From now on I will share my books that I reading. I become a good base knowledge when we become a geophysicist, this books was written by Oz Yilmaz, it tell us about seismic data processing. Here you are.. (enjoy it ^_^)
The seismic method plays a prominent role in the search for hydrocarbons. Seismic exploration consists of three main stages: data acquisition, processing, and interpretation. This book is intended to help the seismic analyst understand the fundamentals of the techniques used in processing seismic data. In particular, emphasis is given to the practical aspects of data analysis.
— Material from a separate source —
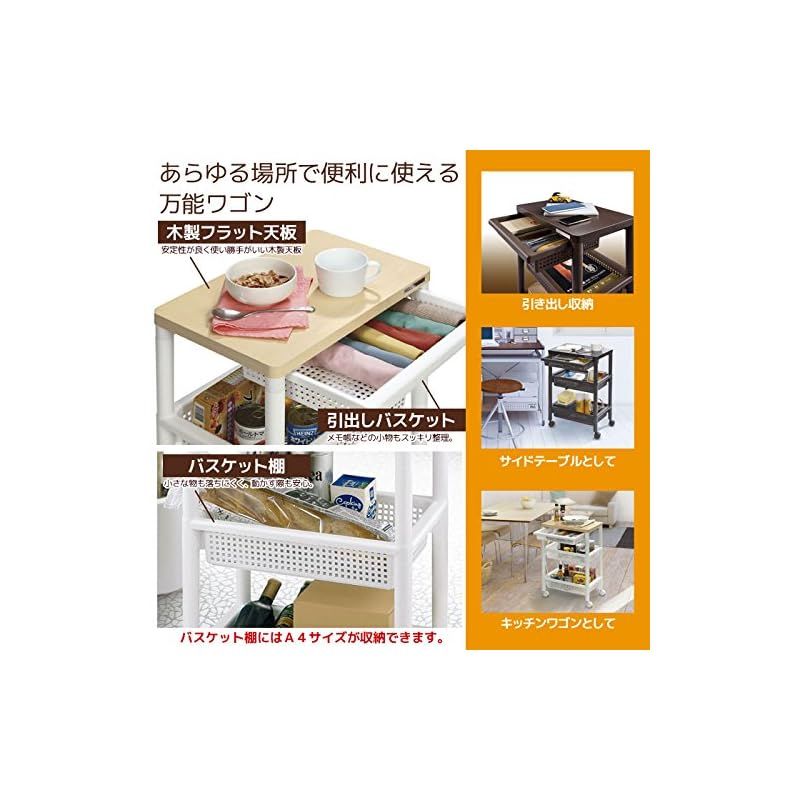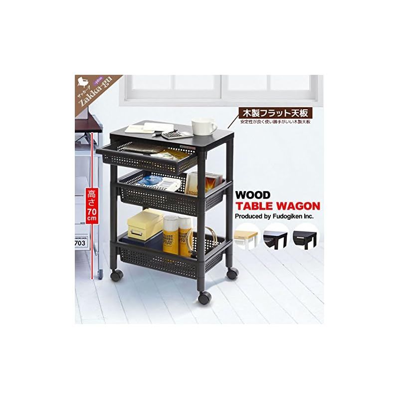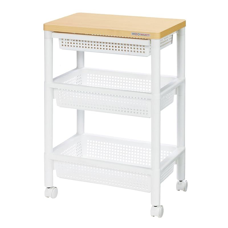 不動技研 ウッドテーブルワゴン WTW-3HS 引き出しバスケット付 ホワイト F2491 0

Topics in this book are treated in two phases. First, each process is described from a physical viewpoint, with less emphasis on mathematical development. In doing so, geometric means are used extensively to help the reader gain the physical insight into the different processes. Second, the geophysical parameters that affect the fidelity of the resulting output from each process are critically examined via an extensive series of synthetic and real data examples. For the student of reflection seismology and new entrants to the seismic industry, this book tries to provide insights into the practical aspects of the application of the theory of time series and waves. For experienced seismic explorationists, this book should serve as a refresher and handy reference. However, it is not just meant for the seismic analyst. Explorationists who would like to gain a practical background in seismic data processing without any mathematical burden also should benefit from it. Nevertheless, for the more theoretically inclined, a mathematical treatise on the main subjects is provided in the appendixes.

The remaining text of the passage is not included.